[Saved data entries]
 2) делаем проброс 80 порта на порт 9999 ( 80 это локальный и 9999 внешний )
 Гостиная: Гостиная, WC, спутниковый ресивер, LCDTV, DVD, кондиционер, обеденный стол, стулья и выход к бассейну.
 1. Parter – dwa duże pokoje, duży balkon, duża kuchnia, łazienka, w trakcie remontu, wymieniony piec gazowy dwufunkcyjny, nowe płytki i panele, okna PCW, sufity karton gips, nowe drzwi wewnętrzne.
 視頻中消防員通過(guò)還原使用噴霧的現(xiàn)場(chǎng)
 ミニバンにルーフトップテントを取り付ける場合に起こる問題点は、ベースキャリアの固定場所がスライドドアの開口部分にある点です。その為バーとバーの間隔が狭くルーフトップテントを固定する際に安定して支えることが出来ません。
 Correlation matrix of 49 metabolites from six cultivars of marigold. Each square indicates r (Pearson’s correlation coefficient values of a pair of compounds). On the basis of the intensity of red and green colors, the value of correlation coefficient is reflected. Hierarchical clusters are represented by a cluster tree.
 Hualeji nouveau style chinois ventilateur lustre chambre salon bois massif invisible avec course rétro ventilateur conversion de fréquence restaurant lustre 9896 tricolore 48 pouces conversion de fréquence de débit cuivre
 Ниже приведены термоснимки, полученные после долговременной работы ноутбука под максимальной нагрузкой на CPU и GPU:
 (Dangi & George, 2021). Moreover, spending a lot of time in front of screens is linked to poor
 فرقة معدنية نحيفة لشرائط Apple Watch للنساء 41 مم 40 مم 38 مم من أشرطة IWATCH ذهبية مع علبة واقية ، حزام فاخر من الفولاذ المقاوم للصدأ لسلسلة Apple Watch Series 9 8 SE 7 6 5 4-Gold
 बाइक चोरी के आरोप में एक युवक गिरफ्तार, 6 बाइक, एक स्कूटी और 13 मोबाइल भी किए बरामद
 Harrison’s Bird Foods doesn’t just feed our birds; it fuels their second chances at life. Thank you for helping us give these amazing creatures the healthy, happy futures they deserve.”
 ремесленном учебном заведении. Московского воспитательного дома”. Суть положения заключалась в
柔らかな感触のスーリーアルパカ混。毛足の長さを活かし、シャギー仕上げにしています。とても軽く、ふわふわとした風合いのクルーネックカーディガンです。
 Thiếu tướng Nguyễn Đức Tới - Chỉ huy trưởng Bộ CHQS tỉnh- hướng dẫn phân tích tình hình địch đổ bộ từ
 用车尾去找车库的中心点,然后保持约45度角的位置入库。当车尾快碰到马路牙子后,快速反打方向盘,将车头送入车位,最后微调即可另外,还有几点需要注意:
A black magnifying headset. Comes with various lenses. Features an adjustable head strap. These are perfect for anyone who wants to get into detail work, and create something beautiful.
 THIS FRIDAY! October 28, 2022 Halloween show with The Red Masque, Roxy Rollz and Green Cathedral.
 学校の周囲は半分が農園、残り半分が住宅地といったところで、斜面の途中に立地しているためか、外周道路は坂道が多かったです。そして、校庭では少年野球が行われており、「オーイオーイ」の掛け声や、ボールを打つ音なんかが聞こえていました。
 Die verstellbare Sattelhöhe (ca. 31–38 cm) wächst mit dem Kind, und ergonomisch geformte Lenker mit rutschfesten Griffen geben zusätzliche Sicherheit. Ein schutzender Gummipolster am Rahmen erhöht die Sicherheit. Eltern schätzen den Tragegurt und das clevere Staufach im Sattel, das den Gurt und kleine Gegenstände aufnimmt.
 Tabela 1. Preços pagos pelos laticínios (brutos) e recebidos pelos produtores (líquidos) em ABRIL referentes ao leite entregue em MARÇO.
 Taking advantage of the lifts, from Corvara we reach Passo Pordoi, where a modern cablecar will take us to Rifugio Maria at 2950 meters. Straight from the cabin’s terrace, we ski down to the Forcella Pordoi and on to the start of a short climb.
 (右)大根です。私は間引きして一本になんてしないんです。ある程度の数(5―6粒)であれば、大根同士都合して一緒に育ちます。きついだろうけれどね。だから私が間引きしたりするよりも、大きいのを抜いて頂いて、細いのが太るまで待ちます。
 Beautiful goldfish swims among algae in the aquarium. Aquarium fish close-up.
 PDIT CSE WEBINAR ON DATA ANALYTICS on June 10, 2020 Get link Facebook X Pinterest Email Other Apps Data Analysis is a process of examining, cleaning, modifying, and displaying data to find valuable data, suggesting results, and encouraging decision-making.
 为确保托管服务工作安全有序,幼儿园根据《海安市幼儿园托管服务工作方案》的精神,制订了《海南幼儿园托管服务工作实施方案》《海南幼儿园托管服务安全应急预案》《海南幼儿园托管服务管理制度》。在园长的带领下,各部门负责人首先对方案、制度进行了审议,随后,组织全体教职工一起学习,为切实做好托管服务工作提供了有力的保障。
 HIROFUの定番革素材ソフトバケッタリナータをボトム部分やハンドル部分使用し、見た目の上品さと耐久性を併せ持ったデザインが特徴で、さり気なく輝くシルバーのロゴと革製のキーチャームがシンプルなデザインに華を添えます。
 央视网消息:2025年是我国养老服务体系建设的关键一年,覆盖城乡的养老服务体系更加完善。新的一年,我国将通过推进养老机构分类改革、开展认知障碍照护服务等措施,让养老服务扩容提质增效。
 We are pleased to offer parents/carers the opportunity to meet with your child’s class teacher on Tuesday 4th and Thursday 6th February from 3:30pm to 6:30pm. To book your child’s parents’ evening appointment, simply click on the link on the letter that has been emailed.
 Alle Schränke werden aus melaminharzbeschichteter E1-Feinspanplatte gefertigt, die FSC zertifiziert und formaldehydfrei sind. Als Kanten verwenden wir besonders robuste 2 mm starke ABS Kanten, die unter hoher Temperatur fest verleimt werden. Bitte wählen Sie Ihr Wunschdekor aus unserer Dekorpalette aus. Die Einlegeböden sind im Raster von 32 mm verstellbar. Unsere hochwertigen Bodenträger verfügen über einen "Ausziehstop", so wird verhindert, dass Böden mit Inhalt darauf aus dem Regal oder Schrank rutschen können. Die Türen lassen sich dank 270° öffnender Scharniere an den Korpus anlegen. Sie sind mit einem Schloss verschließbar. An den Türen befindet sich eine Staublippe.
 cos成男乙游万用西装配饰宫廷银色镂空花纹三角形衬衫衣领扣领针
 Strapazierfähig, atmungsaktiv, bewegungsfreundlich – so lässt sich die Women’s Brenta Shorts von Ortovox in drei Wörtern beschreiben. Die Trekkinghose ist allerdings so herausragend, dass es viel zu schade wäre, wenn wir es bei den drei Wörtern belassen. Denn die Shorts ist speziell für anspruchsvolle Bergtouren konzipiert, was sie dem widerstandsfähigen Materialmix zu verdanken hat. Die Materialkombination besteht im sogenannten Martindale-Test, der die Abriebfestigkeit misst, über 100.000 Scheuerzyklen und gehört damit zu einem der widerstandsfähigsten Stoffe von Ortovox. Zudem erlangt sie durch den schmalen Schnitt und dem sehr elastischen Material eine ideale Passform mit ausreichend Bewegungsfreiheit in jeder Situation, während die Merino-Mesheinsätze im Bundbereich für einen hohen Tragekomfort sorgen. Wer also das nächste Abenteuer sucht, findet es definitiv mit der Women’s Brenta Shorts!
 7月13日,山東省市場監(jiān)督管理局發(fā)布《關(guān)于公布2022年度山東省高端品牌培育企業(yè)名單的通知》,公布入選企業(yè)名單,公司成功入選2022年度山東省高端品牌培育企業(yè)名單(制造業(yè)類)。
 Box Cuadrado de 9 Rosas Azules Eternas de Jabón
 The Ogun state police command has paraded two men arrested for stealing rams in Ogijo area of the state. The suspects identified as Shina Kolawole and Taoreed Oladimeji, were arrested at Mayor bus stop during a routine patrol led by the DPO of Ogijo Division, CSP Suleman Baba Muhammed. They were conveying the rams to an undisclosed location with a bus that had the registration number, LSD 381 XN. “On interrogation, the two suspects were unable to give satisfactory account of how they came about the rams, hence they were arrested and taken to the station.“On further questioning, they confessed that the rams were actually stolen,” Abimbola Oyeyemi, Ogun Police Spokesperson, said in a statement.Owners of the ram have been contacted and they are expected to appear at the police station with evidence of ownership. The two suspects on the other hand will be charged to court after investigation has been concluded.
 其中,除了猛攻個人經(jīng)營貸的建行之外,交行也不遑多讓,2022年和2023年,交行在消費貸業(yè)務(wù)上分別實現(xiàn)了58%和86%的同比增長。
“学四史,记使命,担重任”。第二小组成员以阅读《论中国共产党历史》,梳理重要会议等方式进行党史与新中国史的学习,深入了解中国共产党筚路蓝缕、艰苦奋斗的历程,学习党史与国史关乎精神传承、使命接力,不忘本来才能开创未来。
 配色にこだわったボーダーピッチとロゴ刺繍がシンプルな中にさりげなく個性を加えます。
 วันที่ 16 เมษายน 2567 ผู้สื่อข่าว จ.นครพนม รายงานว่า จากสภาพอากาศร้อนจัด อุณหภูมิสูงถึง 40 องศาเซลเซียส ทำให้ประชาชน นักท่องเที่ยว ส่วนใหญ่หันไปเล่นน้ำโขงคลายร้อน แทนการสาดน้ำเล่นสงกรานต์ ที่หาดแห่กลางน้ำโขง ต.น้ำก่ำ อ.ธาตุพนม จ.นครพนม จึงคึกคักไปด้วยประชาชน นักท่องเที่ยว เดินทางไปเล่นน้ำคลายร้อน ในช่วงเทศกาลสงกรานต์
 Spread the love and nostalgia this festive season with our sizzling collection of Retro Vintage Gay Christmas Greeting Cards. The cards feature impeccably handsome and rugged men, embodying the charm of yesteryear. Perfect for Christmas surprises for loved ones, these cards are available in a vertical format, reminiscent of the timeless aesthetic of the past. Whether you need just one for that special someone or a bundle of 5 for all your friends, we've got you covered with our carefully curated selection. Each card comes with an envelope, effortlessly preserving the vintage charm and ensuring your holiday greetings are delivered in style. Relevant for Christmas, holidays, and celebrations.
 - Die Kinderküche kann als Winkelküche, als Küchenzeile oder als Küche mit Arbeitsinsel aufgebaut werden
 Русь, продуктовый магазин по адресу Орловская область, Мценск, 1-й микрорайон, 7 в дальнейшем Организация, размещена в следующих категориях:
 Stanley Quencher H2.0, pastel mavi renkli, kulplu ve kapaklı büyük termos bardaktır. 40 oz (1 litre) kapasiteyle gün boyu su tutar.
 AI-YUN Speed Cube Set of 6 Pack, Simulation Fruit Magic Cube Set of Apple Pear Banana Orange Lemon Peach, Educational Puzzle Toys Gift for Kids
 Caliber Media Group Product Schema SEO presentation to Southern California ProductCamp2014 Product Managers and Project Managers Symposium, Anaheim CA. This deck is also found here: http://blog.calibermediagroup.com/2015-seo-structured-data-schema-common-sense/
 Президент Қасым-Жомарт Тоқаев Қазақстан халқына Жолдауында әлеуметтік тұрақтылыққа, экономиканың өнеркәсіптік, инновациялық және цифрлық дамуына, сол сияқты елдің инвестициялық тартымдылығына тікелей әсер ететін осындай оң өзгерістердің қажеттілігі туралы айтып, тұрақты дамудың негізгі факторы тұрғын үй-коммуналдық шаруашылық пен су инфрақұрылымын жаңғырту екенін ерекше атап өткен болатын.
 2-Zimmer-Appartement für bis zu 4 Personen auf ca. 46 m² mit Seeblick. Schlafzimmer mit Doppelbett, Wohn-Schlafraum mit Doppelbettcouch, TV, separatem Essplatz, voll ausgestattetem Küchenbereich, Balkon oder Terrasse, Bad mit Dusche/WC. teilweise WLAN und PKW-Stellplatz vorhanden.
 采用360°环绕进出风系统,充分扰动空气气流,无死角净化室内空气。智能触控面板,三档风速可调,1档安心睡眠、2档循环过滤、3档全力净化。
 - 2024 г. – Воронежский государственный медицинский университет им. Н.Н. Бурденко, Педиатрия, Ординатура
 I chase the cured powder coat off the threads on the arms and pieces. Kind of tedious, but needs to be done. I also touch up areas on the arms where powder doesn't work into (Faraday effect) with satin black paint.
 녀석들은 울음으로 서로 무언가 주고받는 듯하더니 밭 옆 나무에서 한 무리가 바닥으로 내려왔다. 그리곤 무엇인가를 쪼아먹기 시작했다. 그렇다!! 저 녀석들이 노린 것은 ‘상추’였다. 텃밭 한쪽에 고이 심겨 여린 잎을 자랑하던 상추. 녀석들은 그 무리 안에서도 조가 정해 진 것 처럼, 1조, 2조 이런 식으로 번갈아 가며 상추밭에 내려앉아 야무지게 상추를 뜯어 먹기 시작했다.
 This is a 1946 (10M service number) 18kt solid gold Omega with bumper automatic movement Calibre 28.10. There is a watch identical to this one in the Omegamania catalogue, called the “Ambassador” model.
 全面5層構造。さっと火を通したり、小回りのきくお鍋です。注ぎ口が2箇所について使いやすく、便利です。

◆ What is needed
The lines sought are those in the data above that include the string "work"; copy each one.

◆ Task response
A black magnifying headset. Comes with various lenses. Features an adjustable head strap. These are perfect for anyone who wants to get into detail work, and create something beautiful.
 I chase the cured powder coat off the threads on the arms and pieces. Kind of tedious, but needs to be done. I also touch up areas on the arms where powder doesn't work into (Faraday effect) with satin black paint.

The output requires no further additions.